Graph: y = x - 6
To graph the equation y = x - 6, we will create a coordinate plane with an x-axis and a y-axis. Then we will plot points to represent different values of x and y that satisfy the equation.
To graph a linear equation in the form y = mx + b, where m is the slope and b is the y-intercept, we can use the slope-intercept method.
In our equation, y = x - 6, the coefficient of x is 1, which represents the slope of the line. Additionally, the y-intercept is -6, which represents the point where the line crosses the y-axis.
To begin, plot the y-intercept, which is the point (0, -6). This point indicates that when x = 0, y = -6.
Next, find another point on the line. You can choose any value for x to determine the corresponding value for y. Let's choose x = 2. By substituting x = 2 into the equation, we get y = 2 - 6 = -4. So another point on the line is (2, -4).
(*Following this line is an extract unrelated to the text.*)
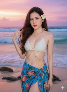 น้องมาในชุดโทนสีและลายผ้าแบบนี้ บอกเลยว่า ชุดบิกีนี สีแดงลายทางเป็นตัวเลือกที่ตัดกับฉากทะเลได้อย่างโดดเด่น สีแดงให้ความรู้สึกร้อนแรงและมั่นใจสุด ๆ พลิกจากสาวหวานเป็นสาวร้อนแรงได้ในทันที ชุดนี้ทำให้เห็นสัดส่วนของร่างกายชัดเจนขึ้น ทำให้น้องดูเพรียวสวยสุด ๆ นอกจากชุดจะสวยแล้ว ลุคนี้น้องปล่อยผมปลิวตามลม เพิ่ม ความเซ็กซี่ แบบธรรมชาติ

To plot more points, you can repeat this process by choosing different values for x and finding the corresponding values for y. Alternatively, you can use the slope. In this case, since the coefficient of x is 1, the slope is 1 (rise of 1 over a run of 1).
Starting from the point (0, -6), you can move up 1 unit and right 1 unit to get to the next point. Then repeat this process to plot more points.
After plotting multiple points, connect them with a straight line. This line represents the graph of the equation y = x - 6.
Note that this line will continue infinitely in both directions since there are no restrictions mentioned in the equation.